Committed fixtures live under tests/fixtures/ (regenerate deterministically
with python3 dev/smoke/make_fixtures.py); sample.docx/sample.pptx embed a
1×1 PNG so the asset path is exercised. The smoke scripts in dev/smoke/ and
the gated integration tests (cargo test --test integration_assets, run with
BASE_URL + API_KEY) drive upload → process → search → asset download against
a live stack.
The server is backend-agnostic. STORAGE_BACKEND picks the impl; all three
share the FileStorage trait, the same key shape ({tenant_id}/{file_id}),
and the same endpoints.
| Backend | Upload flow | Download (GET /files/{id}/content) |
Use when |
|---|---|---|---|
local |
POST /upload (multipart, server reads bytes) |
Server streams bytes back | Dev / single-node |
s3 |
POST /upload-url → client PUTs to presigned URL |
302 to presigned GET |
AWS S3, R2, MinIO, Wasabi |
cloudinary |
POST /upload-url → client POSTs to signed form |
302 to CDN delivery URL |
Managed CDN, fast edge delivery |
The server never proxies bytes for S3 / Cloudinary — clients upload
direct to the bucket/CDN, and the server only mints short-lived signed
URLs.

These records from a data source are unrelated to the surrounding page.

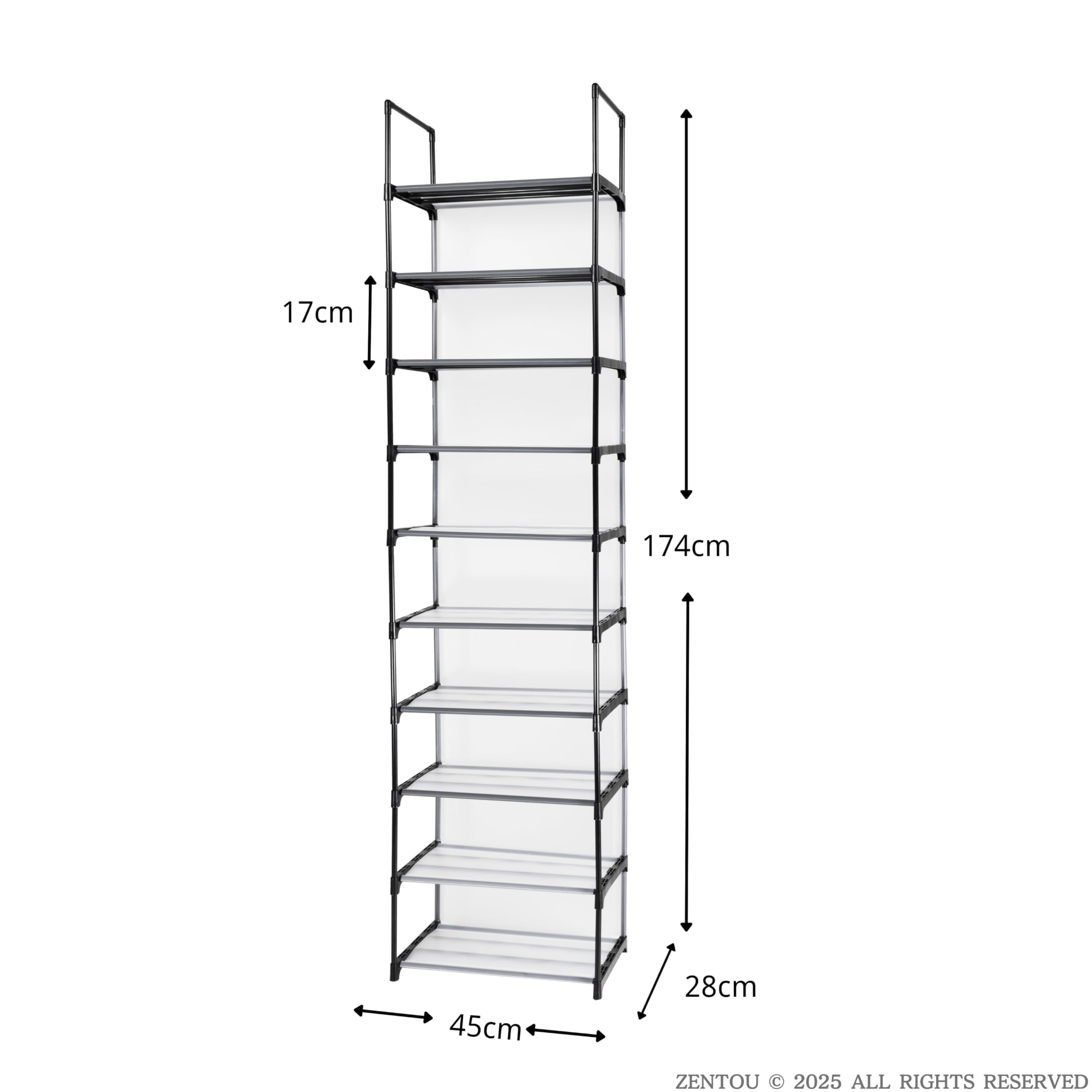 10段 ブラック 【新型壁&靴保護機能】 シューズラック スリム 玄関収納 大容量20~24足 靴箱 下駄箱 狭い玄関対応 省スペース 半透明PPシート付き 壁面保護 防汚 防水 組立簡単 手袋付き 幅45×奥行28×高さ174cm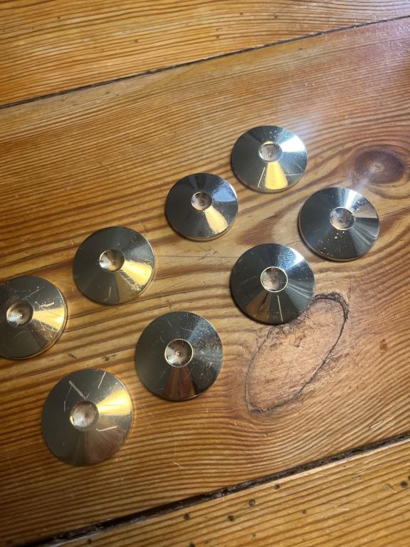 Verkaufe 8 originale Harmonix RF‑900M Million Spikebases (Spike‑Untersetzer, Durchmesser ca. 30 mm). Neupreis liegt bei rund 2.100 € für 8 Stück. Die Basen sind technisch einwandfrei, haben aber deutliche Gebrauchsspuren/Kratzer auf den Oberflächen – rein optisch, ohne Einfluss auf die Funktion. Nichtraucherhaushalt. Abholung in Berlin oder versicherter Versand nach Absprache. Preis: 599 € VB für alle 8 Stück. Privatverkauf unter Ausschluss jeglicher Garantie oder Rücknahme.“
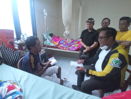Setelah menyerahkan bantuan kepada perwakilan keluarga, satgas langsung menuju ke Puskesmas Selat untuk menjenguk korban yang masih dirawat. Di sana, rombongan yang juga terdiri dari Ketua AMPG, AMPI, KOSGORO, Ketua PK Selat dan anggota fraksi bertemu langsung dengan I Gusti Ngurah Suparta ayah korban yang sedang menjaga anak I Gusti Ayu Trisna Dewi dan istrinya I Gusti Ayu Kartini yang kini masih dalam perawatan.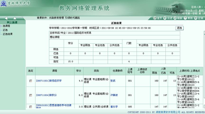 8.查询选课结果,单击选课结果按钮,如下图所示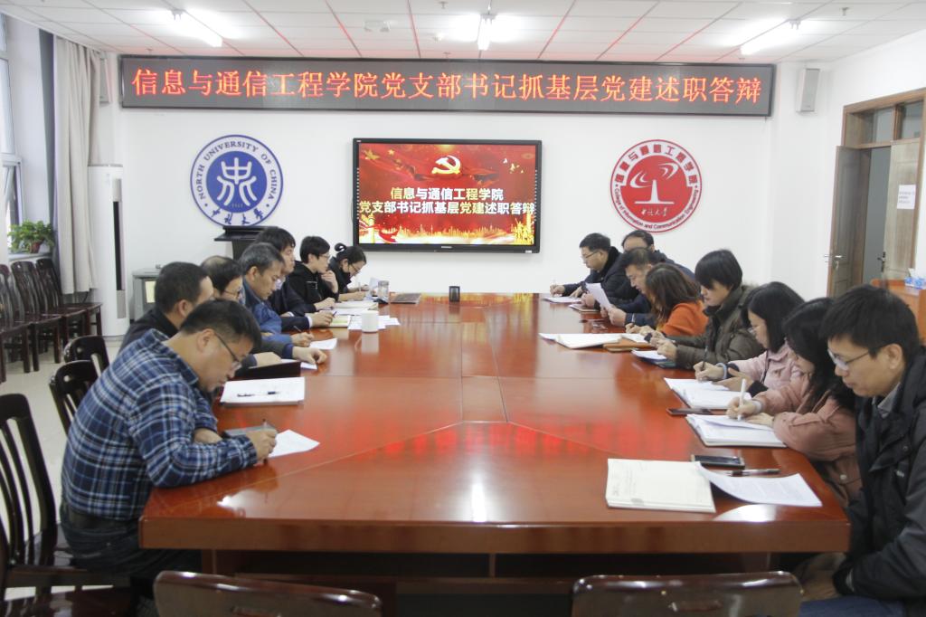 根据校党委关于2019年度基层党建述职评议考核工作的部署要求,信息与通信工程学院党委于2020年1月6日下午4点在科学楼713会议室,召开了2019年度党支部书记抓基层党建述职答辩会,会议由院党委书记曹凤才同志主持,各党支部书记参加了会议。

For local the server streams bytes through itself.
1. POST /upload-url { file_name, content_type }
→ { file_id, method, url, headers, form_fields, expires_at }
2. Client uploads direct: PUT {url} (S3)
POST {url} (Cloudinary, with form_fields)
3. POST /files/{id}/complete-upload
→ enqueues processing job
If step 3 never happens, the storage janitor sweeps the row + storage
after JANITOR_DANGLING_THRESHOLD_SECS (default 30 min).

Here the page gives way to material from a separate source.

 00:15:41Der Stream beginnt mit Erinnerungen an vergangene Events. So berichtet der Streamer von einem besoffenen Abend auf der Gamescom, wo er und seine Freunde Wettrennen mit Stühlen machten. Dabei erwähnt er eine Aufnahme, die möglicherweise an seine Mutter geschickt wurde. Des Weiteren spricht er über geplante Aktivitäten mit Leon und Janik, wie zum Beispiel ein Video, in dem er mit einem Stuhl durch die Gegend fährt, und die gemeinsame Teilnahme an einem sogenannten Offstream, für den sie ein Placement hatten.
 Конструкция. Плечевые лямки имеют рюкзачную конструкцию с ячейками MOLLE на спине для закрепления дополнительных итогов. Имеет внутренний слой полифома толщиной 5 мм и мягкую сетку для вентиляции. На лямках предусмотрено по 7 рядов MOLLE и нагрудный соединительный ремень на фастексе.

If you were using the server-side multipart upload, no client changes are
needed — POST /upload and POST /upload-and-process still work and route
to the local backend regardless of STORAGE_BACKEND. To take advantage of
presigned uploads, switch the client to the three-step flow above.
The File.file_path field is now a backend key ({tenant_id}/{file_id})
instead of an absolute host path. Existing rows continue to work for local
(the key is relative to UPLOAD_DIR); for object stores you'll need a
re-ingest.
Background sweep: dangling Pending rows get storage + DB deleted, stale
Processing rows get re-enqueued. Dangling threshold defaults to
2 × PRESIGNED_UPLOAD_TTL_SECS (floor 1800s) so the sweep window tracks
the configured presigned TTL.
# Local backend (filesystem, server streams bytes):
docker compose -f dev/local.docker-compose.yml up
# S3 backend via localstack (no AWS account needed):
docker compose -f dev/localstack.docker-compose.yml upThe localstack stack auto-creates the polyrag-local bucket on boot.
This project solves the "fragmented knowledge" problem. Instead of having information siloed in browser bookmarks, YouTube history, and folders of PDFs, PolyglotRAG creates a unified, semantic search index across all of it. This allows for powerful queries like "find me concepts related to neural attention mechanisms from all my saved articles, videos, and textbooks."